Caryn Seidman-Becker and Ken Cornick saw Clear as a promising business to pursue based on the fact that they believed the market for surveillance and security would rise due to the catastrophic events that happened on 9/11.

2020s 
In 2021, Clear went public as Clear Secure, Inc. on the NYSE with the ticker symbol ‘YOU’.

In January 2023, Clear celebrated the launch of security lanes at its 50th airport, Raleigh-Durham International Airport.  It followed that up with new lanes at Kansas City International Airport at the end of February 2023.

Corporate affairs

Patents 
The company has received patents for “physical token-less security screening using biometrics”, which allows a person to be identified using their individual and distinctive biometric identity that the company creates. The company has been successful in filing and receiving several patents throughout the years. On February 4, 2020, the company was granted the ability to ticket people through their biometric identities. Prior to this patent, the company was also granted two patents on January 14, 2020, to conduct pre-identification before an individual approached the stationed device and to use individual biometric identities to expedite interactions with people in the close vicinity. To simplify and expedite the process even further, on December 31, 2019, the company was granted a patent to use mobile devices in enrolling into the system.

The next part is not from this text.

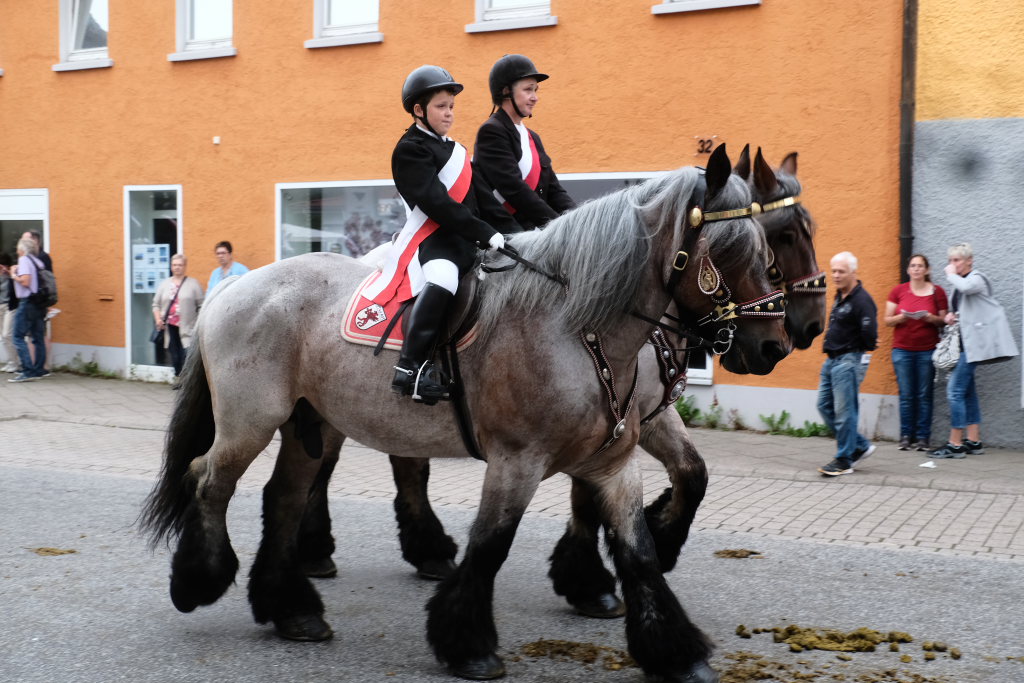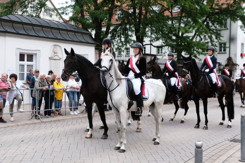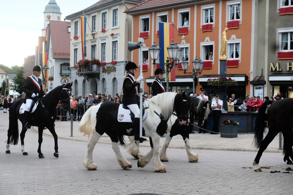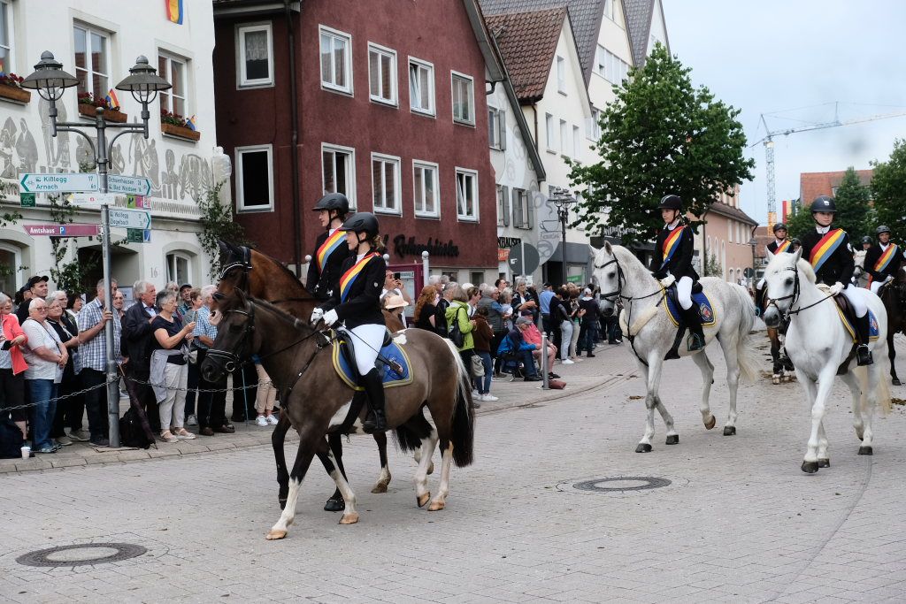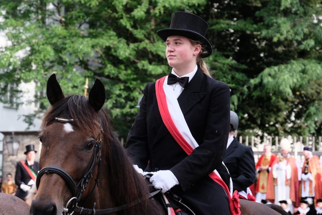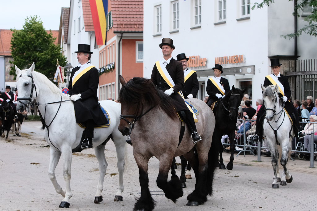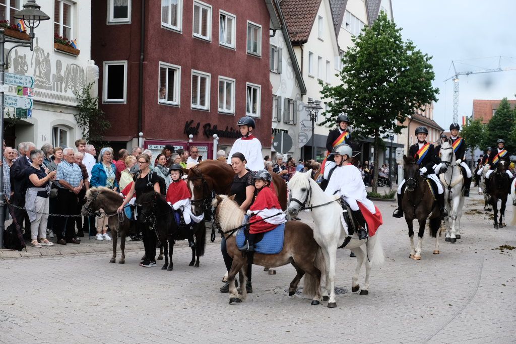 Reiterin der Immenrieder Gruppe. Im Hintergrund wendet sich der Landtagsabgeordnete Raimund Haser, wohnhaft in Immenried, dem Ehrengast Manuel Hagel zu. Er scheint ihm zu sagen: „Da bin ich auch schon mitgeritten.“

CLEAR has partnerships with the European company Oberthur Technologies. Oberthur provides CLEAR with identification cards encoded with information that is beyond a normal ID card. They follow the federal standards for Personal Identity Verification (PIV).

Anti-terrorism 
In June 2012, CLEAR received certification under the SAFETY Act (Support Anti-Terrorism by Fostering Effective Technologies Act of 2002) by the United States Department of Homeland Security.

Marketing and collaborations 
CLEAR has partnerships with Airlines and Stadiums. The airline currently partners with Delta Air Lines, United Airlines, and Alaska Airlines. This includes partnerships with Major League Baseball and National Football League.
CLEAR has also partnered with Lyft which grants people a 3-month free trial to test out CLEAR and gives them a $20 voucher for Lyft customers to use towards a trip to any airport.

CLEAR had a former partnership with car rental company Hertz, until the company declared bankrupt.

Revenue 
The company charges its customers $189 per year for a premium program named CLEAR Plus, however, it can be lowered if the user is a member of Delta SkyMiles®, United MileagePlus®, or holds an American Express Centurion, Platinum, or Green Card. This Membership allows them to skip past long lines, no matter if they are at a stadium, an arena, or an airport. By expanding and diversifying their locations, CLEAR also receives additional revenue from sports teams, who pay licensing fees.

Awards 
In June 2019, Clear CEO Caryn Seidman-Becker and President Ken Cornick were given the 2019 EY Entrepreneur Of The Year Award for the New York Region.